We did not invade Iraq to take the oil. We are not trading blood for oil, but conspiracy buffs have been saying we did for years now. I think we now have definitive proof that these guys were wrong. As I reread my note from yesterday, I realized the proof was before us. I even mentioned it, but I cannot resist expanding a bit.
War opponents have changed arguments. They now acknowledge that we are achieving success in Iraq. All that talk about defeat, so common last year, is gone. Now they are complaining that it costs too much. They also point out that Iraq is rich enough to pay for its own reconstruction. They have a point on both issues. But consider the implications.
If you call upon Iraqis to pay more, you have to assume they CAN. What does this say about your confidence in the capacity of the Iraqi government and economy? You cannot simultaneously believe that Iraqi is collapsing into ruin and that they can afford to pay billions of dollars. The other thing that it says is that this was not a war for oil. If CF went in to take the oil, we would not have to worry about asking the Iraqis to pay more of their own way. It would be like somebody robbing a liquor store, not taking any money and in fact using his own money to help fix the place up. I don’t think we would call that a robbery.

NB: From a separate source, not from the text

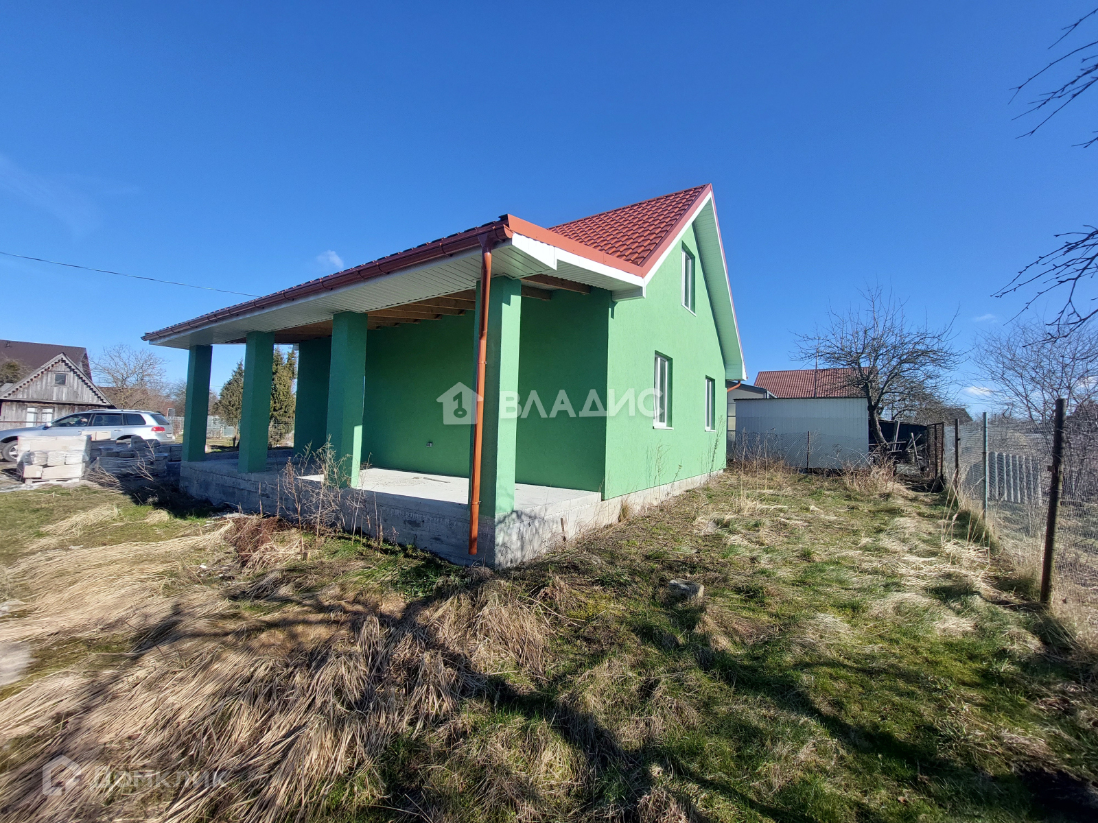 Перед входом – парковка для автомобилей. Участок – 4 сотки,

I am just getting sick of this war for oil crap. It is juvenile. Let me explain. There is no doubt that w/o oil we would have been unlikely to have a strong interest in this country or region. But that does not make it a war FOR oil. Oil in a resource that allows those who control it to wield power. If you have a tyrant in a poor country, he is a local menace. Somebody like Robert Mugabe is a good example. W/o the big money provided by a resource like oil, guys like Osama bin Laden and his followers would just be a nutty bunch of desert bandits. Add oil to the equation – lots of oil – and you get lots of trouble. A local psychopath can become a global threat when you inject the steroids of oil wealth. In some ways, therefore, the war is about oil but not for oil. That distinction is very important.

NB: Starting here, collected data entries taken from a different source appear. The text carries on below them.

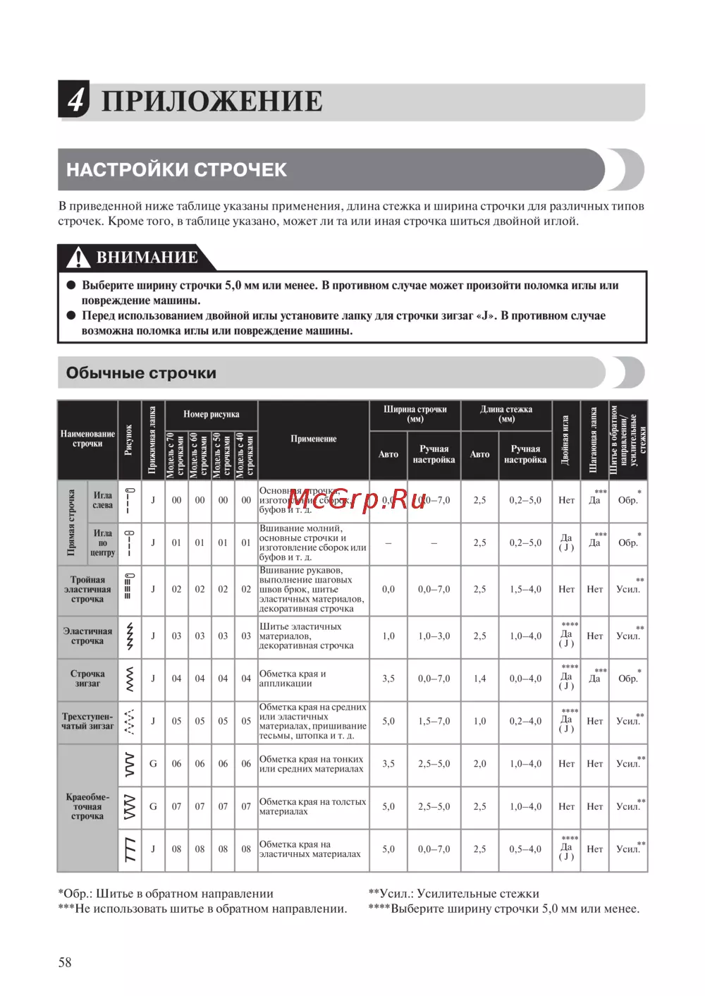 строчек. Кроме того, в таблице указано, может ли та или иная строчка шиться двойной иглой.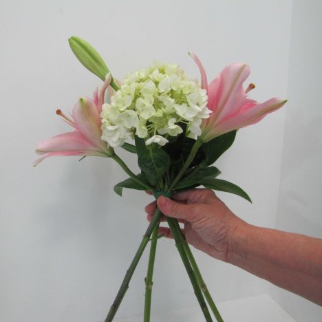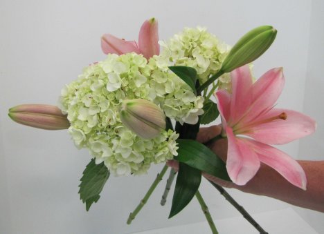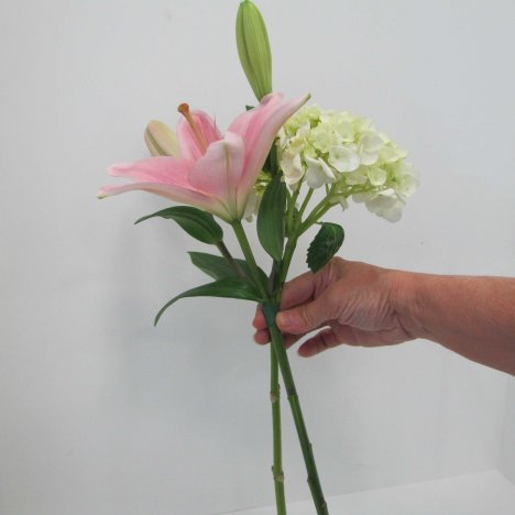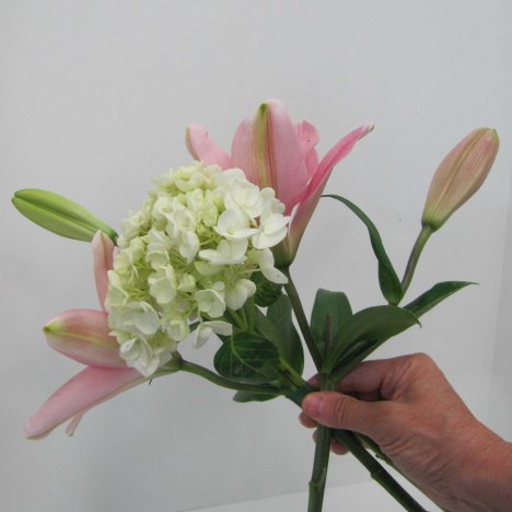 Oriental lilies often have a "V" gap between the flower heads on a single stem. I filled in that gap with the large mass of the hydrangea bloom.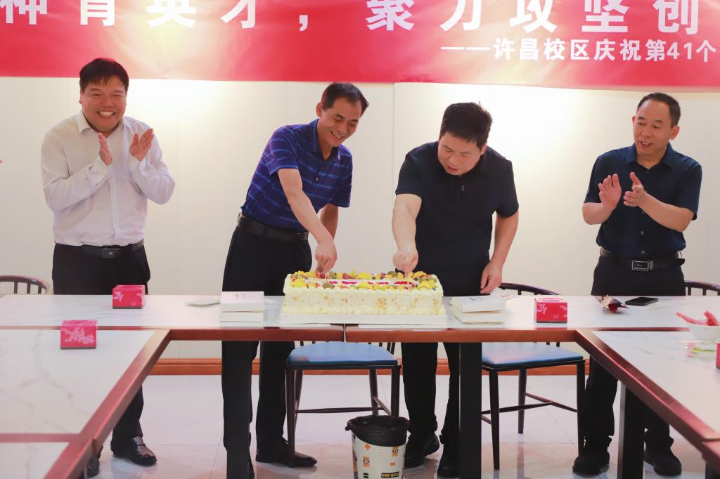 本网讯(通讯员 朱鹏琳 图片 张好)为向辛勤耕耘的师者致以温情敬意、凝聚尊师重教的磅礴力量,9月10日,许昌校区在教工餐厅举办了教师节庆祝活动。许昌校区管委会党委书记李兴旺、副主任(正处级)侯金超、教学试验场场长李宗品、软件学院党委书记李志勋及教师代表参加。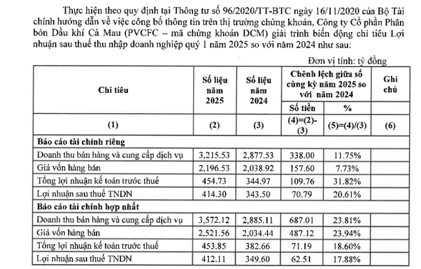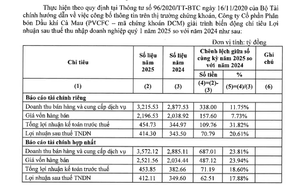 - Lợi nhuận sau thuế của DCM quý 1.2025 tăng 17.88% svck năm 2024 cụ thể tăng 62.51 tỷ đồng.

The oil curse is also the curse of easy and generally unearned wealth. It tends to corrupt the recipients and it can make them dangerous. This is a variation on the point and don’t want to belabor it. Those who know me understand that I sometimes can rant a bit, but now that rhetoric has changed from defeat in Iraq to success in Iraq is costing too much – and that Iraq can and should pay more – it should at least let us dispense with one of the more annoying pieces of disinformation. There was no war for oil.